There’s an inherent conflict of interest for banks when they’re hired to sell companies. Advisers are supposed to push for the best price, but they’re only paid if deals are completed. Most bankers actually try to convince founders and chief executives to accept lower prices than they want, Gurley said.
“Qatalyst’s willingness to take an aggressive stance on price is so valued in the community,” said Gurley.
LinkedIn Deal
Qatalyst’s success speaks for itself: Along with Allen & Co., it landed the industry’s biggest deal so far this year, advising LinkedIn Corp. on its $26.2 billion sale to Microsoft Corp. in June.
So far this year, Qatalyst has generated about $220 million in fees, according to Freeman & Co., a research firm. That puts Qatalyst, which has about 60 employees, just behind Goldman Sachs Group Inc. and Morgan Stanley. It’s on course to finish 2016 at No. 3, same as last year.
There may be more deals to come before the year is out. Lyft Inc., the second-largest U.S. ride-sharing startup, is working with Qatalyst to find a buyer, a person familiar with the matter said in June, and Imperva Inc. confirmed this month it’s working with the firm to explore strategic options.
It’s been a remarkable run for Quattrone and Boutros, who’ve worked together for three decades. In the early 2000s, Quattrone’s career was derailed by a battle against obstruction of justice charges; he was exonerated on appeal. In 2008, he opened Qatalyst, and Boutros joined two years later. Quattrone referred requests for comment to Boutros, who speaks for the firm.
Today the San Francisco-based advisory, with Boutros as its chief executive and primary dealmaker, works almost exclusively for technology companies looking for buyers.
Since its beginnings, Qatalyst has cultivated its mystique by negotiating fat premiums. In 2009 and 2010, for instance, it scored an average premium of 80 percent on deals of more than $500 million, according to data compiled by Bloomberg, against an average for U.S. technology deals of 37 percent.
“Qatalyst’s performance in technology is ahead of what any other boutique has been able to achieve in any other sector,” said Jeffrey Nassof, vice president at New York-based Freeman & Co.
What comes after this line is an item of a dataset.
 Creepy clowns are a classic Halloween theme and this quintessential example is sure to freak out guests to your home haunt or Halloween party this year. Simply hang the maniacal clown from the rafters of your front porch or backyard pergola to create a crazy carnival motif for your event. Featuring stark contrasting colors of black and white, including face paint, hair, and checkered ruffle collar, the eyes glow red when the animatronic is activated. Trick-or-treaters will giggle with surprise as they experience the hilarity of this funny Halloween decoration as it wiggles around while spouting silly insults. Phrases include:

Lately, though, those premiums have begun to dwindle. In the past four years, they’ve hovered near 35 percent, compared to an industry average of about 29 percent.
Premiums aren’t the only measure of success, Boutros said. Since 2009, 27 tech companies have been sold at six-times revenue or more, he said. Qatalyst handled 14 of those sales.
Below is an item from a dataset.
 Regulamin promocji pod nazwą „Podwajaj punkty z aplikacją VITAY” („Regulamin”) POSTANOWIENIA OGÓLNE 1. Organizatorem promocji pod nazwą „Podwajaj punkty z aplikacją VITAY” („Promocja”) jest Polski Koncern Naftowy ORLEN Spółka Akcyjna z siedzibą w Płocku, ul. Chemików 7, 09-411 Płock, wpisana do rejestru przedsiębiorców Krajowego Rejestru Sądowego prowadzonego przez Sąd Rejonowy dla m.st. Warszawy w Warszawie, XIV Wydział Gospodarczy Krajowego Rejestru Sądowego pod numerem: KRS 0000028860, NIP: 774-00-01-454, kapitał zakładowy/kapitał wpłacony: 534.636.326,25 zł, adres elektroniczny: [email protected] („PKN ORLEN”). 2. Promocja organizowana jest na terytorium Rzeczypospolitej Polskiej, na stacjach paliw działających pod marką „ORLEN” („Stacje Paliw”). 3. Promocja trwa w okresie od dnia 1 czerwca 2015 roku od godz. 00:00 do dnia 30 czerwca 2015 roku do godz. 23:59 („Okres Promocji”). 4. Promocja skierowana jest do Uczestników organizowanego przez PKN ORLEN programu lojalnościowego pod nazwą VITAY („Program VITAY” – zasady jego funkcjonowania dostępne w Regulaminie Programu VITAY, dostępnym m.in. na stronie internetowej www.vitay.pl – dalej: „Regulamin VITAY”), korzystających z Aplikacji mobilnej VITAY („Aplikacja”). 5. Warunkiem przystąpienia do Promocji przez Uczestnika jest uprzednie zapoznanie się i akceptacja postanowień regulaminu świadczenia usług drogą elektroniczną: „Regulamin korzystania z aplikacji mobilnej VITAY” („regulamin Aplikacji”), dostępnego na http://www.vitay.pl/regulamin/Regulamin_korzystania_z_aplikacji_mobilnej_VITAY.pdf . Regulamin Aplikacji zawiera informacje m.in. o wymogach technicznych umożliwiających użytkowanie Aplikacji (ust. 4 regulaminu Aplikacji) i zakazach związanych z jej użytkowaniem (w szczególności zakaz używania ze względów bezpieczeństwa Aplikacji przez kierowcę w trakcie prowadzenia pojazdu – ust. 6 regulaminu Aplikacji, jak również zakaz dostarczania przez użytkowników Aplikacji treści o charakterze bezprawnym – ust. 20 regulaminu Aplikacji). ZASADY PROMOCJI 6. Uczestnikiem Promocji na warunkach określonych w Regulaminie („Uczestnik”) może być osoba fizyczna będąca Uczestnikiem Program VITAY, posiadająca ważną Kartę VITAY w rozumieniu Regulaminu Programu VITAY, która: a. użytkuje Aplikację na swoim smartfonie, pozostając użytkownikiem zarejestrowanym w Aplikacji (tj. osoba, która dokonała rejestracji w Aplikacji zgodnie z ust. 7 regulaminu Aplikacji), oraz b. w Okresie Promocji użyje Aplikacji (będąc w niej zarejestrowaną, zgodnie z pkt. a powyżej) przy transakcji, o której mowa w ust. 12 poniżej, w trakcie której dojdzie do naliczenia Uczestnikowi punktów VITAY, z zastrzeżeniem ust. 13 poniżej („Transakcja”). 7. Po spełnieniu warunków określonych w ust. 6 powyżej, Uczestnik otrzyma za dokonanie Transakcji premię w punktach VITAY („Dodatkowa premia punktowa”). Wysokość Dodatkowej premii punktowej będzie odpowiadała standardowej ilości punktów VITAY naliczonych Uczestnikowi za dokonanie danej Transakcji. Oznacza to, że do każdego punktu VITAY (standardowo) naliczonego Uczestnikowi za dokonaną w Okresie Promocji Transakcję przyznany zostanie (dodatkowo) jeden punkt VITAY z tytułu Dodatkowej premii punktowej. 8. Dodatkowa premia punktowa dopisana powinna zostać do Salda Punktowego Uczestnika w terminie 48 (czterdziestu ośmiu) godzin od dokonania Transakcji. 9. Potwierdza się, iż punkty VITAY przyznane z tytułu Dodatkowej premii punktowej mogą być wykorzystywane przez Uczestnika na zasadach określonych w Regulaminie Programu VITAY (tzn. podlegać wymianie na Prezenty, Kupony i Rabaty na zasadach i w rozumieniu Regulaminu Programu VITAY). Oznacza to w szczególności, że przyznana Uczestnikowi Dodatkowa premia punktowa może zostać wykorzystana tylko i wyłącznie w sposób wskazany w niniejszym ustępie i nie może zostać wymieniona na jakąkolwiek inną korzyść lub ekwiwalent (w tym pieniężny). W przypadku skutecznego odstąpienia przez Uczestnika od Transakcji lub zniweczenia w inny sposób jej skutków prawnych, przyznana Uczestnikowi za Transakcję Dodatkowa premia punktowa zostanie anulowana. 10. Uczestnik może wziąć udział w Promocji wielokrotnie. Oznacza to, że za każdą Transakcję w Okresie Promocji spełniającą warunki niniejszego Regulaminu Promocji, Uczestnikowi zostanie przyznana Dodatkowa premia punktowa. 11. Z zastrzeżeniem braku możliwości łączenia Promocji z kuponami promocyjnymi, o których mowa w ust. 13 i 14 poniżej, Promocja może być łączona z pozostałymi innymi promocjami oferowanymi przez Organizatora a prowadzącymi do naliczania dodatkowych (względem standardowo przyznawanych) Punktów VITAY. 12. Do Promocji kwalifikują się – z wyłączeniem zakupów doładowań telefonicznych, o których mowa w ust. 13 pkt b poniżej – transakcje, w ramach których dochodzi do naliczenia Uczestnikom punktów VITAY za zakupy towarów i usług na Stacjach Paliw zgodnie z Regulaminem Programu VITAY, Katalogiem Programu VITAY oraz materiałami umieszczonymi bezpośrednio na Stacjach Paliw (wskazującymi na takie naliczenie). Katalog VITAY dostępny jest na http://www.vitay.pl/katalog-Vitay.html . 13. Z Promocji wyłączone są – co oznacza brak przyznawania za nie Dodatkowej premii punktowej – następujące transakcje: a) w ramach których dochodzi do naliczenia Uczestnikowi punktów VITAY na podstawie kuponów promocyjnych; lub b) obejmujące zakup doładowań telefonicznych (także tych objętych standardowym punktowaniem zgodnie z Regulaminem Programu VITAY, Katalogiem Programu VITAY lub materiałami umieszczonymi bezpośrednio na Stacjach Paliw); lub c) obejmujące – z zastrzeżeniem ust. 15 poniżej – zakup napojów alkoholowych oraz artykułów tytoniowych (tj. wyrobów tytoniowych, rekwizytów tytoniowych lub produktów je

“We’re in the business of maximizing price,” Boutros said. “Sometimes you’re better off selling off a very high stock price and getting a lower premium. Sometimes a company is overvalued or highly valued by the market and may not get a huge premium, but you may realize a record-setting multiple.”
One common Qatalyst tactic for fattening premiums is telling potential buyers they must hit minimum prices or face being eliminated in lightning-round auctions, people familiar with the firm said.
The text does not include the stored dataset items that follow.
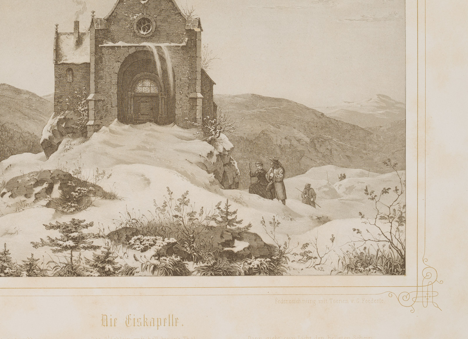 Carl Feederle (1832 Donaueschingen – 1881 Munich) after Ernst Ferdinand Oehme (1797 Dresden – 1855 ibid.), The Ice Chapel, c. 1840, Lithography with pen
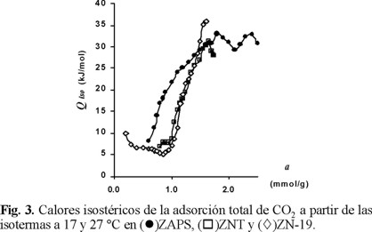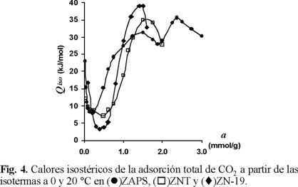 Por otro lado, el hecho de que el calor isostérico de adsorción (Fig. 3) en ZN-19 permanezca prácticamente invariable en la región de 0.3 a 1.0 mmol / g, probablemente esté obedeciendo a la ocupación, en esa región, de centros de adsorción de bajo potencial de adsorción; probablemente ya se hayan ocupado para a < 0.3 mmol / g los centros de adsorción más activos. Este razonamiento puede estar soportado por el hecho de que precisamente ZN-19 es la que presenta mayor proporción de adsorción irreversible. Desafortunadamente, para valores de a < 0.3 mmol / g, que corresponden a la adsorción irreversible en las tres muestras y, por lo tanto, donde se debería haber observado una disminución drástica del calor de adsorción, este no se pudo evaluar con una exactitud aceptable.
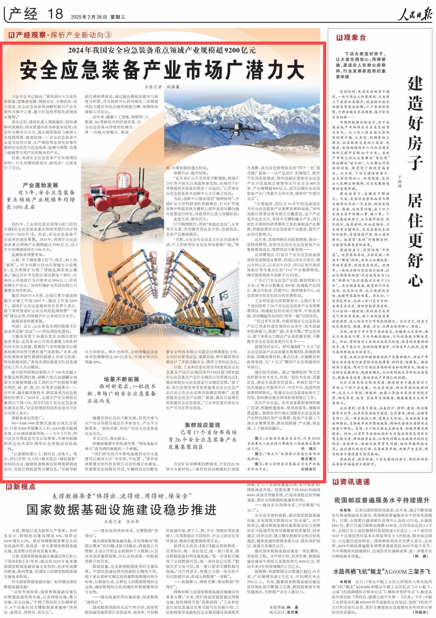 2025年2月26日,《人民日報》第18版刊發(fā)題為《2024年我國安全應急裝備重點領域產(chǎn)業(yè)規(guī)模超9200億元 安全應急裝備產(chǎn)業(yè)市場廣潛力大》的報道,2024年,我國安全應急裝備重點領域產(chǎn)業(yè)規(guī)模超過9200億元,其中,內(nèi)蒙古自治區(qū)紅慶梁煤礦實現(xiàn)了智能監(jiān)測系統(tǒng)全覆蓋。
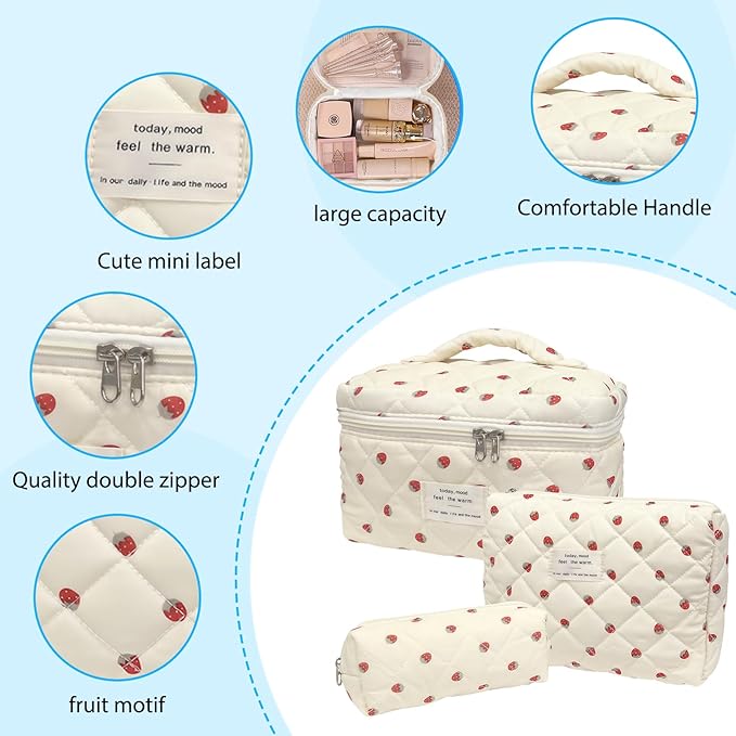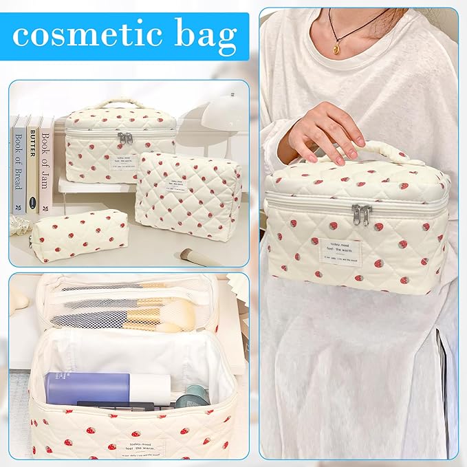 3 Piece Strawberry Quilted Makeup Bag, Large Capacity Travel Cosmetic Bag for Women and Girls, Aesthetic Storage for Daily and Travel Use (3pcs-Strawberry)
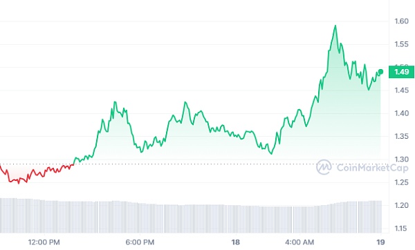Jupiter 是在 Solana 区块链上运行的去中心化交易所。该代币的代币价格显着上涨。在过去的 24 小时内,JUP 上涨了 15.55%,同时市值也出现了类似的增长。

When OpenTable sold to Priceline, Gurley said he found out from a representative of the second-place bidder that it thought Boutros was bluffing. He wasn’t, Gurley said.
“Our job is to represent our clients’ best interests,” Boutros said. “We give them unbiased advice, but at the end of the day, they make the decision. If they decide to pursue a transaction, our job is to help them achieve the best possible outcome.”
Yet maximizing prices for the sellers rarely endears a banker to the buyers, or to the buyers’ bankers. Qatalyst, for instance, advised the British software company Autonomy Corp. on its 2014 sale what was then Hewlett-Packard Co. The price: $10.3 billion.
That deal, engineered by then-chief of H-P Leo Apotheker, turned into a nightmare: HP later took an $8.8 billion writedown and accused Autonomy of misreporting hundreds of millions of dollars in revenue before the purchase. The blowup was one reason HP’s Whitman refused to negotiate with Qatalyst on Aruba, according to e-mails disclosed in June, following a request from the Wall Street Journal.
For now, at least, Qatalyst remains the boutique to beat. People who know Boutros say he’s mellowed over the years. Few think he’s about to go soft, however.
“The reason I keep doing this after 30 years is, every situation is different,” Boutros said.